俺たちの教室と同じ階の一番突き当たりが美術室になっており、そこが男子の着替えスペースとしてあてがわれていた。
数人が入れ代わり立ち代わり、学ランから変身して出ていく。ある者はボディコンを着て女装していき、ある者は着物を着て扇子を持って出ていき、またある者はうまい棒のめんたい味の被り物をして、仲間に手を引かれて出ていった。シュールな光景だ。
着替えが最後になった俺に、一臣は「まだか?」と声を掛けてきた。
「悪いけど、ネクタイ締めてくれないか?」
「できないのか?」
「やったことない」
「貸せ。そろそろ練習しとけよ」
制服が学ランなので、俺はまだネクタイの締め方をマスターしていなかった。
俺からネクタイを受け取って、一臣が慣れた手付きで締めていく。
顎を上げて大人しく待っていると、いきなりネクタイを引っ張られた。
「うわっ」
俺は間一髪で、一臣の顔面を両手で抑えた。もう少しでキスされていたところだ。
「あ、あぶね~~。なにすんだよっ」
「いや、チャンスだな、と」
「そんな恐ろしいことを淡々と言うなっ」
ネクタイを自分で整えながら、俺はプンスカ怒ってやった。両手をポケットに入れていたら、完全にキスされていたところだ。
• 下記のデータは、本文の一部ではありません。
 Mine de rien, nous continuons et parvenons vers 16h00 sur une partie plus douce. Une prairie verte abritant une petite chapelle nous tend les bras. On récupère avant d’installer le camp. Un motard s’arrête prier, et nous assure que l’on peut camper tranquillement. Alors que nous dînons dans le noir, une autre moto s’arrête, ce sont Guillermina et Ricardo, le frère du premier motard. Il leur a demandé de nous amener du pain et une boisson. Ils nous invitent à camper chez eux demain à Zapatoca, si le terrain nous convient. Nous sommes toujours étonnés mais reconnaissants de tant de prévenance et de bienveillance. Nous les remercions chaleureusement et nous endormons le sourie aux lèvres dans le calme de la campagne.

「最初からするつもりじゃなかったんだぞ。お前が顎を上げてるのが、ちょうどキスできる角度だな、と」
「解説はいいっ。とにかく、もうキスは禁止だからなっ」
言った後、どっかで聞いた台詞だな、と思わなくもなかった。
「俺が止めてなかったら、する気だっただろ」
「ちゃんと直前で止めるつもりだったぞ」
「……本当に本当ですか?」
半泣きの顔をして見せた俺に、一臣は笑うのをこらえるために顔を背けた。一臣の昔からの癖だ。
「無理すんな。オレに関わらん方がいいぞ」
「…………もうちょい頑張ってみる」
「ハハッ」
珍しく一臣が声を出して笑った。
「光栄だな。めげない奴だな、お前は」
「……まあな」
「なかなか似合ってるぞ。スーツは男の戦闘服だからな。見た目で仕事ができるかどうか判断される。面接だとお前は合格だろ」
「一臣は大学と学部はもう決めたか?」
「まあな」
「どこだ?」
「とりあえず法学部を何校か……」
「お前、いつの間に文転してたんだ! 理系も成績いいだろ!」
「確かにそうなんだが、どうしてもやりたいことを捨てきれなくて……。そういうお前は?」
「……どっかの理工学部かな。就職でもIT企業に就くなら有利かなと」
「いいんじゃないか。お前の成績だったら、いい大学に行けるだろうし、そのまま大手に就職できるだろ。自分の得意な分野で働けて、給料も良かったら最高じゃないか」
「そう、だよな……」
静かに相槌を打った俺に、一臣が小さく笑った。
「納得してない時点で、もう答えは出てるじゃないか」
「…………」
「お前のことだ。後悔するぞ。迷ってるなら、面白そうな方を選べよ」
俺の脳天に衝撃が走った。
一瞬で、俺のやりたい仕事と目指す学部が決まった。
悩んでいた霧が一気に吹き飛んで、ただそれを実現するための闘志のようなものが静かに沸いてきた。
「お前ならできるだろ」
なんでもないことのように言って、一臣は俺の目を見て微かに笑った。俺を信頼しきっている目だ。
――こいつは本当に俺のことをよく分かっている。
「行くぞ」
一臣に促され、一緒に教室に向かった。
いつも通りに話し、いつも通りに笑い合った。キスされそうになったことなんて、まるでなかったかのようだ。
これは一体どういう関係なんだろう。親友とはまた違う関係なんだろうか。
自然なようで、どこか危うい均衡を保っているような気もする。この危うい均衡を保つことは不可能なんだろうか。
一臣を苦しめているのかもしれない。
俺は卑怯なのかもしれない。
これがどういう関係に位置するのか分からない。
分からないけど、もう少し、このままでいさせてくれ、と思う。